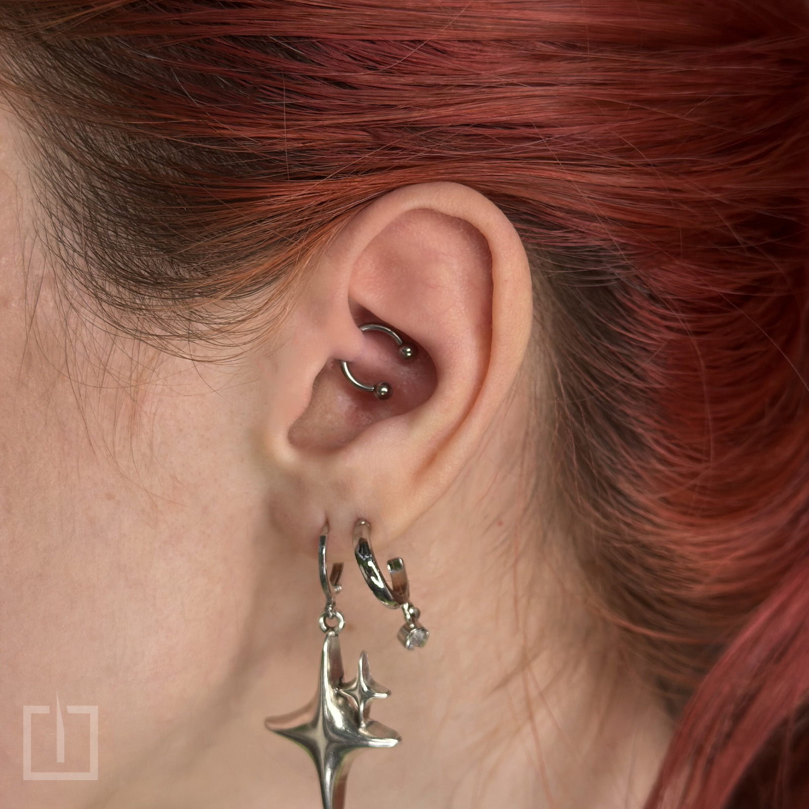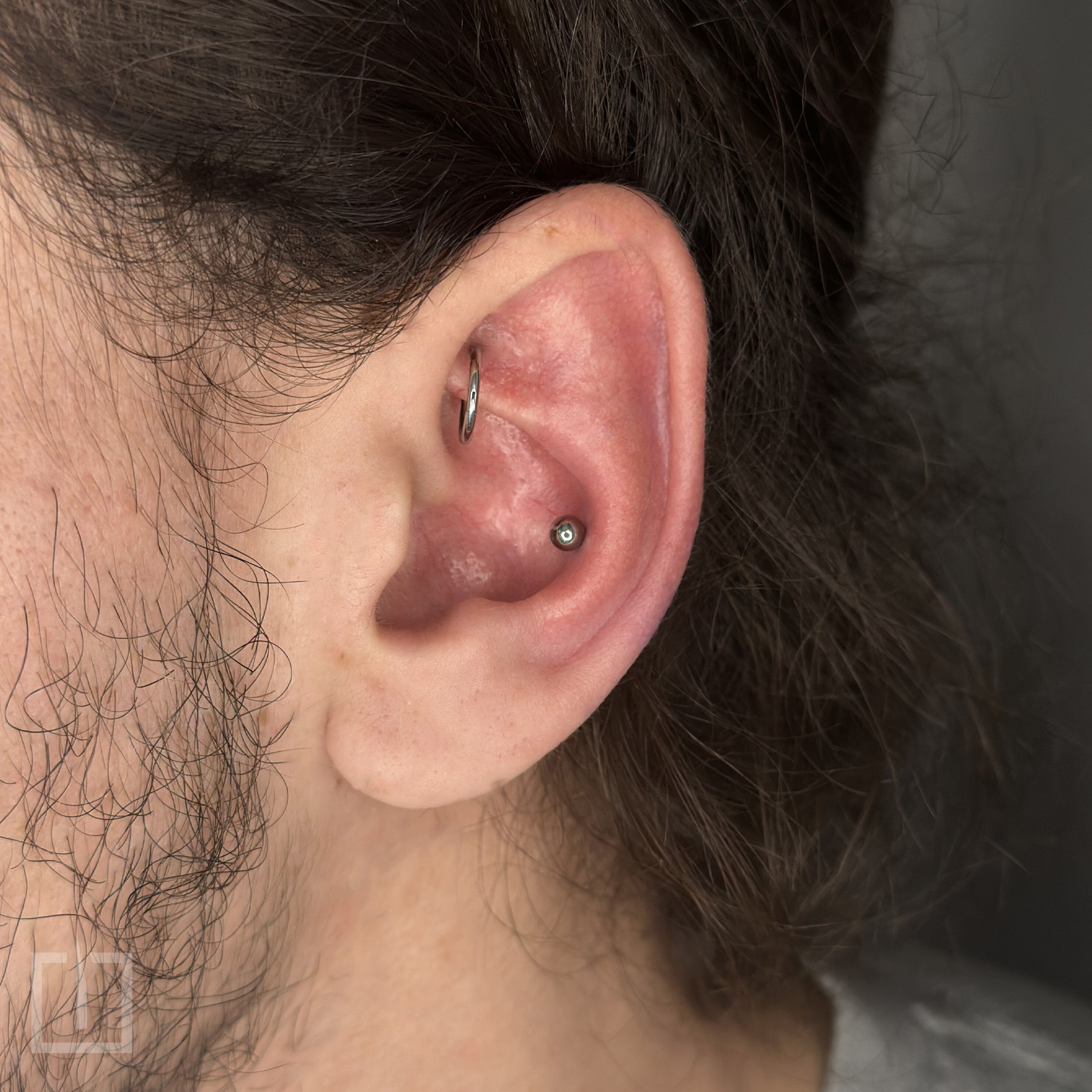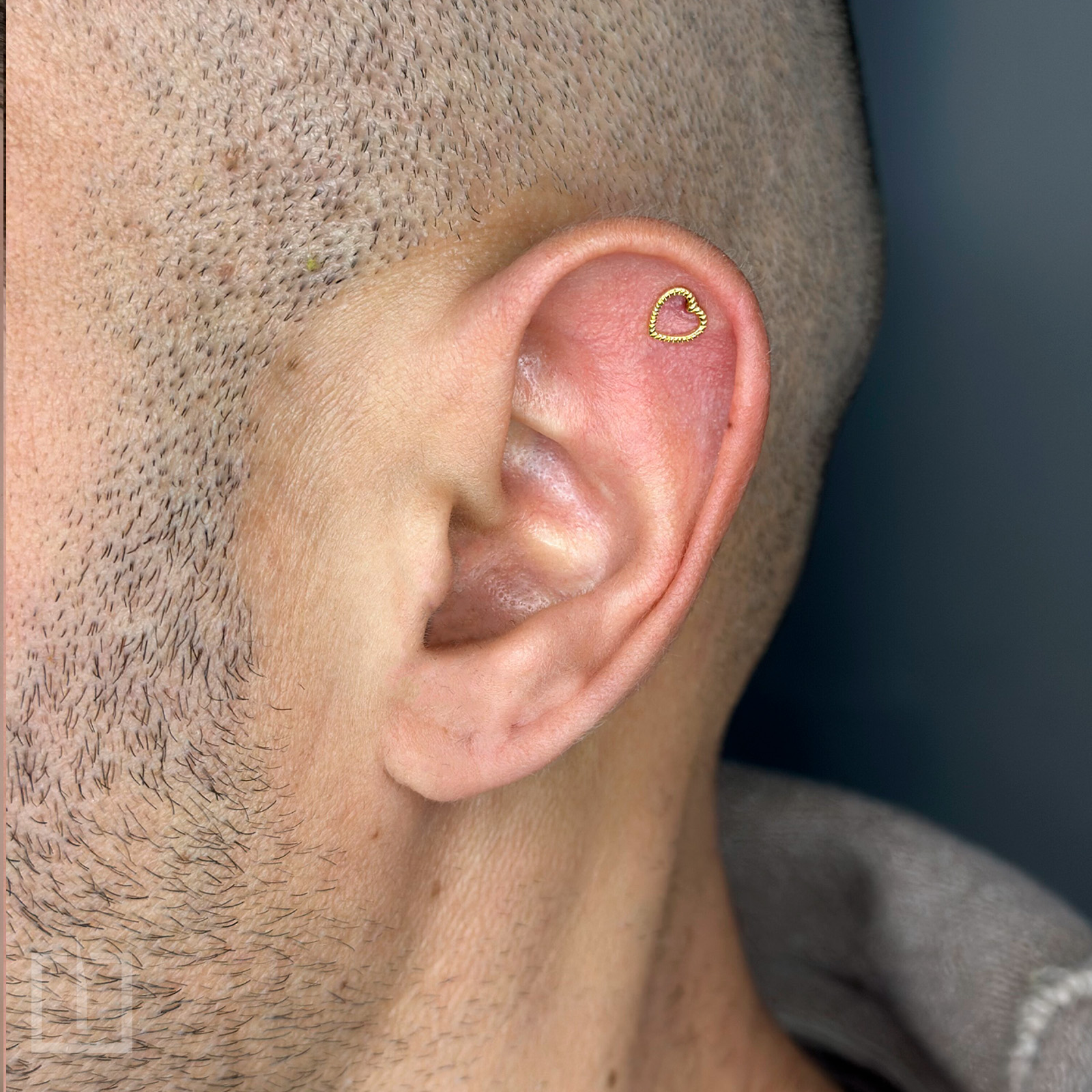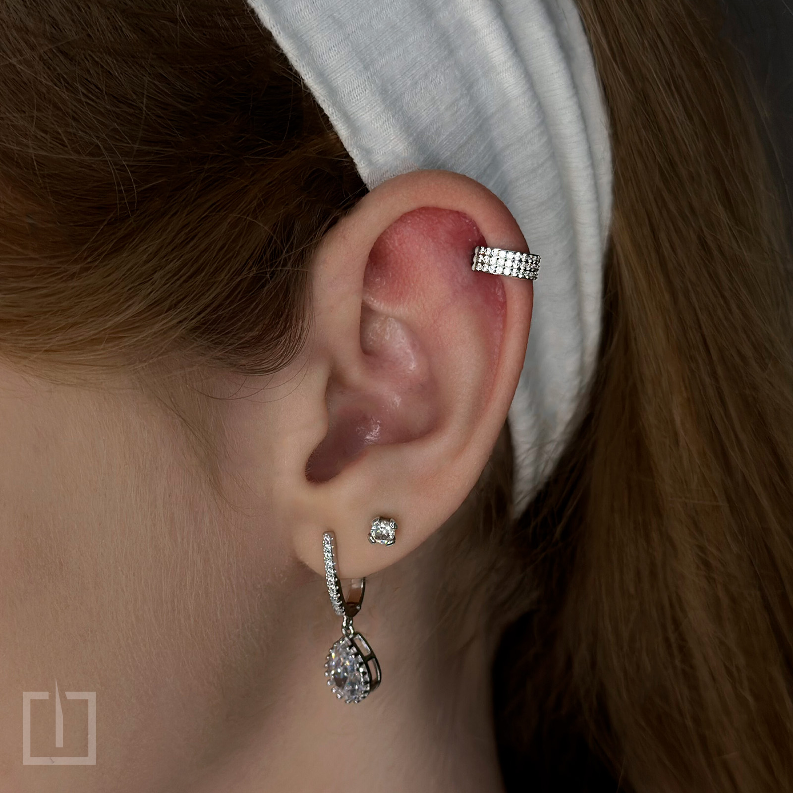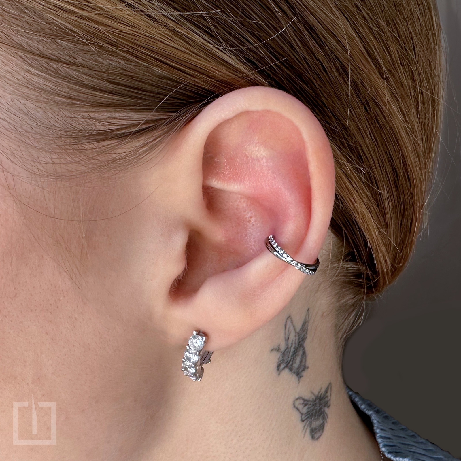 Пирсинг «Хеликс» — это модный и смелый выбор для тех, кто хочет выделиться и подчеркнуть свою индивидуальность. Этот пирсинг выполняется в хрящевой части уха, создавая эффектный внешний вид и позволяя вам экспериментировать с разнообразием аксессуаров. Он идеально подходит для создания уникального стиля и добавляет интересный акцент к вашему образу.
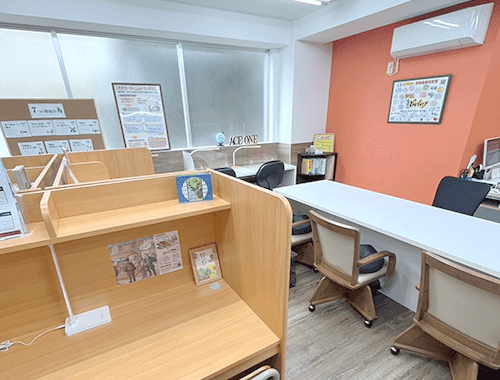 教室は少人数制で、集中しやすい静かな環境の中、主に1対2のスタイルで授業を行っています。
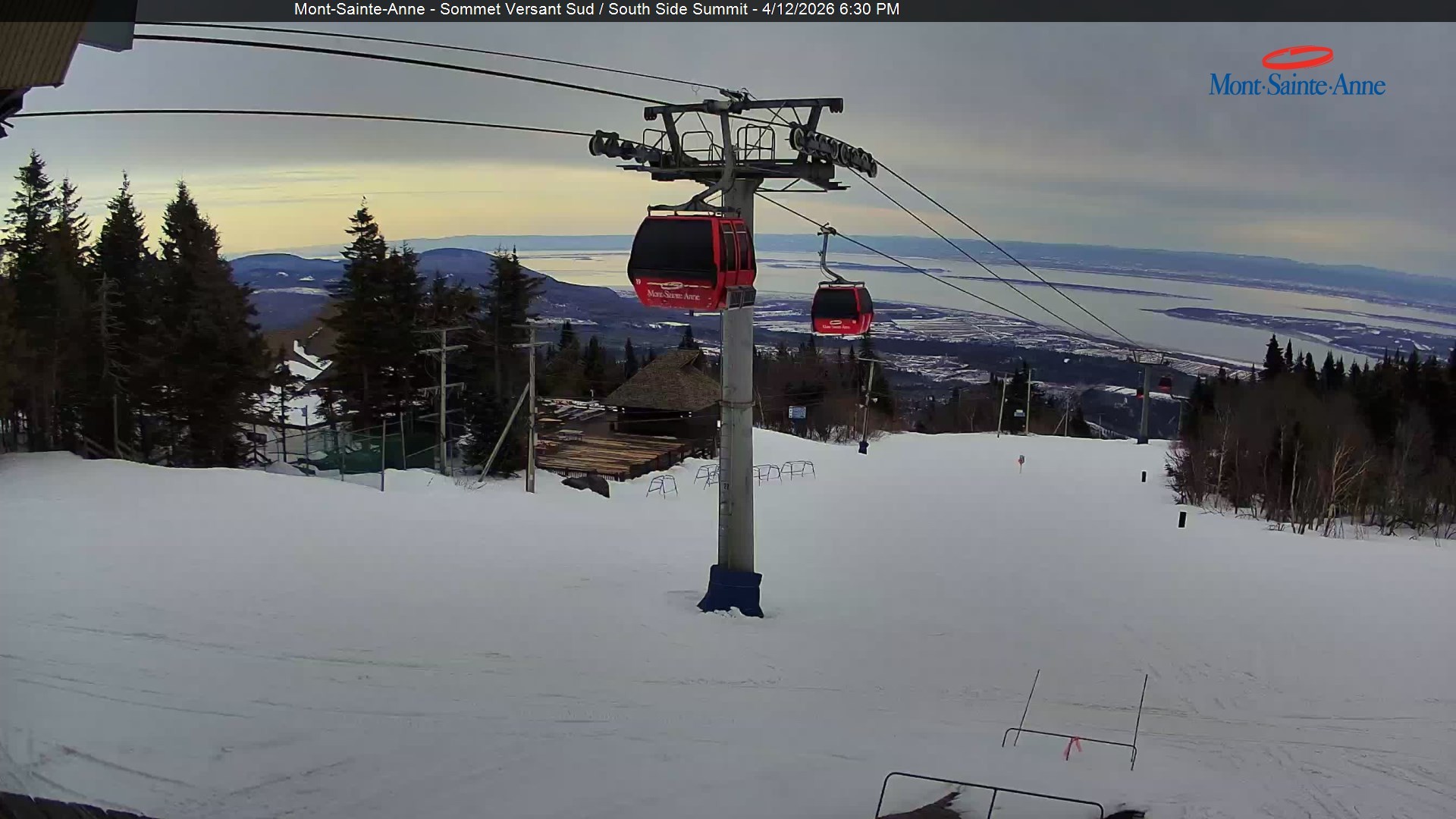 Diese Webcam zeigt den Blick vom Gipfel des Mont Sainte Anne nahe der kanadischen Großstadt Quebec Richtung Süden. Der Gipfel befindet sich ca. 800 Meter ü. NN. Das Skigebiet Mont Sainte Anne zählt mit seinen 31 Abfahrten zu den größeren Skigebieten in Kanada.

**Task item:**
Only the text of the listing above is copied, exactly as written; its pictures are dropped.

**Exercise response:**
 Пирсинг «Хеликс» — это модный и смелый выбор для тех, кто хочет выделиться и подчеркнуть свою индивидуальность. Этот пирсинг выполняется в хрящевой части уха, создавая эффектный внешний вид и позволяя вам экспериментировать с разнообразием аксессуаров. Он идеально подходит для создания уникального стиля и добавляет интересный акцент к вашему образу.
 教室は少人数制で、集中しやすい静かな環境の中、主に1対2のスタイルで授業を行っています。
 Diese Webcam zeigt den Blick vom Gipfel des Mont Sainte Anne nahe der kanadischen Großstadt Quebec Richtung Süden. Der Gipfel befindet sich ca. 800 Meter ü. NN. Das Skigebiet Mont Sainte Anne zählt mit seinen 31 Abfahrten zu den größeren Skigebieten in Kanada.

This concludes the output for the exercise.